When non-combustible materials such as recycled dust and dissimilar copper treated with concentrate burners in accordance with conventional methods are treated by the lance tubes, it is necessary to reduce the amount of each non-combustible material that is required to It is sufficient to operate the concentrate burner using solvent, auxiliary fuel, and reaction gas. In general, since non-combustible materials require significantly more auxiliary fuel as compared to concentrates, the heat load in the reaction shaft is significantly reduced by stopping the supply of non-combustible materials through the concentrate burner.

When only non-combustible materials are supplied through the lance tube, a special method of thermal compensation is required, since the supplied non-combustible materials do not involve extra heat generation or exothermic treatment unlike concentrates.

As a method for thermal compensation, the following method can be used. (1) In other words, the method uses a burner inserted through the side wall of the settling tank into the settler to directly replenish it under the lance tube, ie burn the auxiliary fuel, to effect heat compensation. Non-combustible material for feeding through the lance tube is blown with air, ie neutral gas, for fluid movement. In order to minimize the heat loss or change in the mat due to the release of the waste gas, it is desirable that this amount of fluid transfer gas is reduced to the fullest possible range. In this case, since the operation of the furnace, which is easy to perform, is insufficient in thermal efficiency, the amount of auxiliary fuel cannot be expected to be reduced as sharply as in the case where non-combustible materials are treated in the concentrate burner.
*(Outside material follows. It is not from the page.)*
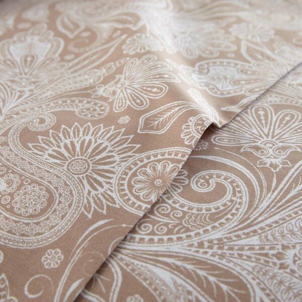 Perfect Paisley 4-Piece White Paisley on Taupe Microfiber California King Deep Pocket Sheet Set

(2) The method utilizes the heat of reaction generated during some oxidation of the mat to effectively compensate for heat in a settling vessel with air supplied through the lance tube together with non-combustible material, ie oxygen from the oxygen enriched air. The amount of oxygen supplied is such as to meet the oxygen supply necessary for the oxidation of the non-combustible material and to induce the oxidation of the mat sufficiently for the required heat generation. In this case, since the mat made in the sedimentation basin requires improved properties, the operation of the concentrate burner must be controlled so that the mat made in the concentrate burner requires a lower copper grade than finally obtained. For this purpose, forced introduction of the reaction gas through the lance tube is temporarily stopped and the operating conditions of the concentrate burner must be changed each time the supply of the reaction gas is temporarily delayed. Thus, it can be seen that this method is complicated.
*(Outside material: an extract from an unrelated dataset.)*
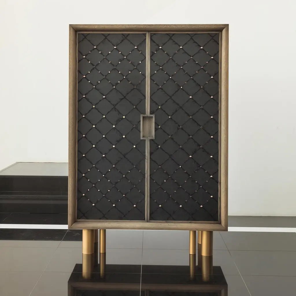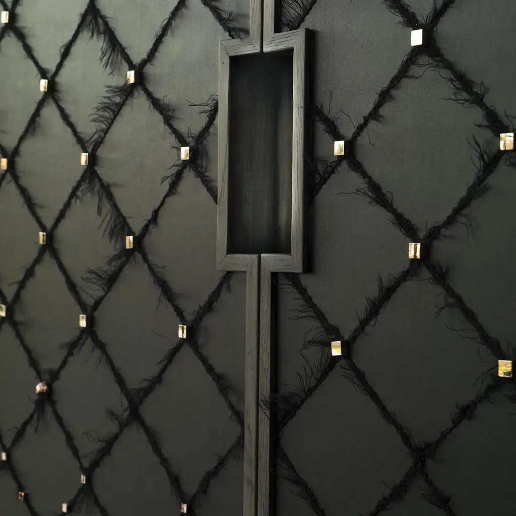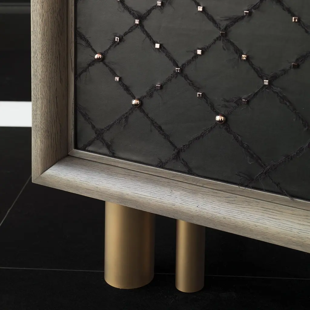The Ivo black cabinet combines a chic contemporary frame with extravagant finishings. Handcrafted in oak, the cabinet features a cool gray finish and bronze-colored metal legs. Containing three drawers and two glass shelves with a mirrored backing, the cabinet faces are covered in faux leather and accented with embroidery and studs, resembling a starry night's sky.

(3) The method mixes with air, ie oxygen enriched air and auxiliary air, to burn fuel through the lance tube and blows in non-combustible materials for thermal compensation. Since combustion of the auxiliary fuel takes place in the bed in the settling basin, this method results in an economical use of the auxiliary fuel and high thermal efficiency, as compared to the process in the concentrate burner, i. The auxiliary fuel used in this way may be in gas, liquid or solid form. Since the air surrounding the lance can be changed to a suitable ratio and can be freely controlled by oxidizing or reducing conditions, the operation of the lance tube can be applied to the supplied noncombustible material. For example, when a residual copper having a high metal content is used as a non-combustible material, it is sufficient to control the air in a neutral state by setting the air ratio to one. When recycle dust having a high oxygen content is treated, it is sufficient to adjust the air to a reduced state by lowering the air ratio.

The above-mentioned methods of (1)-(3) can be used alone or in combination. For example, some of the heat required may be obtained by a burner disposed on the side wall of the settling basin and may be filled back into equilibrium by method (2) or (3).

Under conditions of change through the lance tube, the experiments were carried out using a small test furnace which blows the residual copper well classified at a ratio of 0.2T / H and possesses a design concentrate with a capacity of 0.8T / H dissolved. Will be explained. The furnace's concentrate burner was operated under the same conditions as the experimental conditions implemented in the small test furnace described above (concentrate + solvent → 0.8T / H). Experimental results and operating conditions are shown in Table 1.

TABLE 1

The results in Table 1 are shown graphically in Figures 4a, 4b and c. From these results, the dust generation ratio is lower in any of the run numbers (2) and (5) according to the present invention than in the run number (1) in which the treatment of residual copper in the concentrate burner is effective. It is remarkable when the lance height is low and when the gas velocity at the lance tube outlet is nearly or about 130 Nm / s. The temperature difference between the mat and the slack is markedly small when practiced with the invention. This difference is also small, especially when the gas velocity is high at the lance outlet. The unit cost of the auxiliary fuel is significantly smaller when the pulverized coal is blown through the lance tube as in run numbers (3)-(5).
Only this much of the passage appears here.